In the on-line book about proms and schools, I thought it was very interesting that Kehily pointed out that in sex education classes there is so much that is taught on how to be cautious, watch for STDs, practice safe sex, etc, but nothing about the emotionality of relationships, or as she points out, the vulnerability young girls feel. I think a lot of problems could be solved if there was an open discourse about the emotions young people go through in their first few relationships. If girls could talk about the pressures they feel, then perhaps those pressures could be dealt with more effectively, and girls could be stronger and more confident when making decisions. The same goes for young men- perhaps young people as a whole could better understand how their behaviors, fears, hopes, and expectations effect one another if it were a mandatory part of the sex education curriculum to discuss the emotional aspects of relationships.

I was so inspired by “Have Cycle, Will Study”! It seems such a simple solution- give bikes to women who live too far away from high school to continue their education. I was a little confused when I read that the families were asked for a deposit, but it also makes sense because it causes the families to be responsible with the bikes and gives girls an incentive to finish class 10. I am so pleased that something as uncomplicated as a bike is helping to fight illiteracy in these villages. It makes me want to donate my bike to them!

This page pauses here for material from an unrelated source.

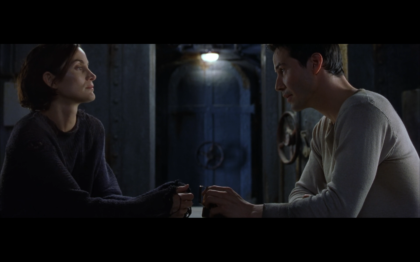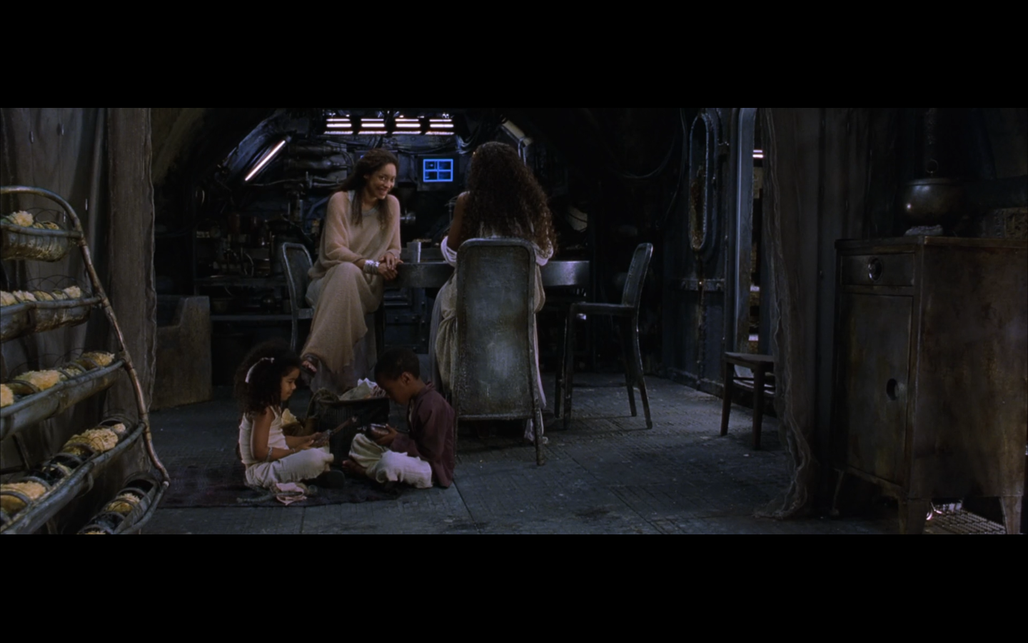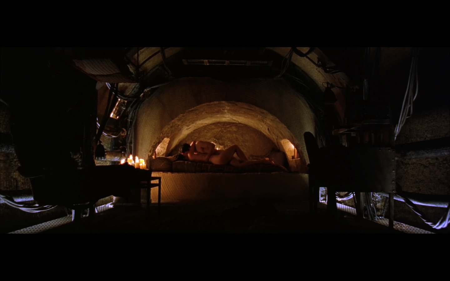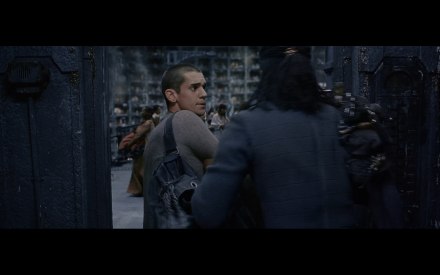 This is actually one of the few parts of this trilogy I actively want to skip over when it comes on. It has absolutely no purpose whatsoever. Any kind of symbolic or metaphorical meaning this scene is supposed to have is vastly outweighed by its length and lack of importance to the plot. “We’re still here, and we’re going to prove it. We’re not machines, so let’s dance.” Literally the only purpose. And they fuck during it. And they make it like the only reason they’re fucking is because everyone else is at this thing. Why not just go fuck anyway? Presumably you haven’t been able to. So just do it. Are there like eight people living in your apartment? Is this Soviet Russia?

In Red, I felt like I could really relate to the girls’ stories. The desire to want to be popular, what it’s like when you’re not part of the “cool” kids’ group, etc. I really liked Laura Lowe’s story, because she rose above being ridiculed by her classmates Christopher and Alisandra, and knew the value of her education. I also identified with her need to do something physical to get out her teen angst, I played a lot of sports in high school and I think that really helped with giving me an outlet for my emotions. I found some of the stories eye opening, discussing the different atmospheres and learning conditions between public and private schools, how they can get off or on track with school based on the encouragement of teachers or drama in their social life. Let me know if anyone else feels this way, but I don’t envy these girls. I say that because I remember how hard it was to be in the middle of growing up, as a girl, as a teenager, with a changing body, changing friends, changing future, to face the unknown. It was terribly scary and I am so glad I do not have to repeat some of the things of my girlhood. I know I’ll always continue to change, but I’m glad that most of the hard-learned lessons are over with. Props to these girls- they rule.

Comments

Jo-Anne said…
I am so with you on being glad that those years are behind me. I really believe that a lot of young people do turn to drugs, alcohol, and other behaviors because they want so deperately to fit in somewhere. If they do not have a good foundation at home, they will find it somewhere else. Because I did not go to the prom, I cannot comment on pushing it to the limit, but I did get involved with other behaviors in school. I can tell you that pushing the limits was an everyday occurence but we got away with it.Too many students to worry about what some of them were doing. Maybe we just wanted someone to pay attention.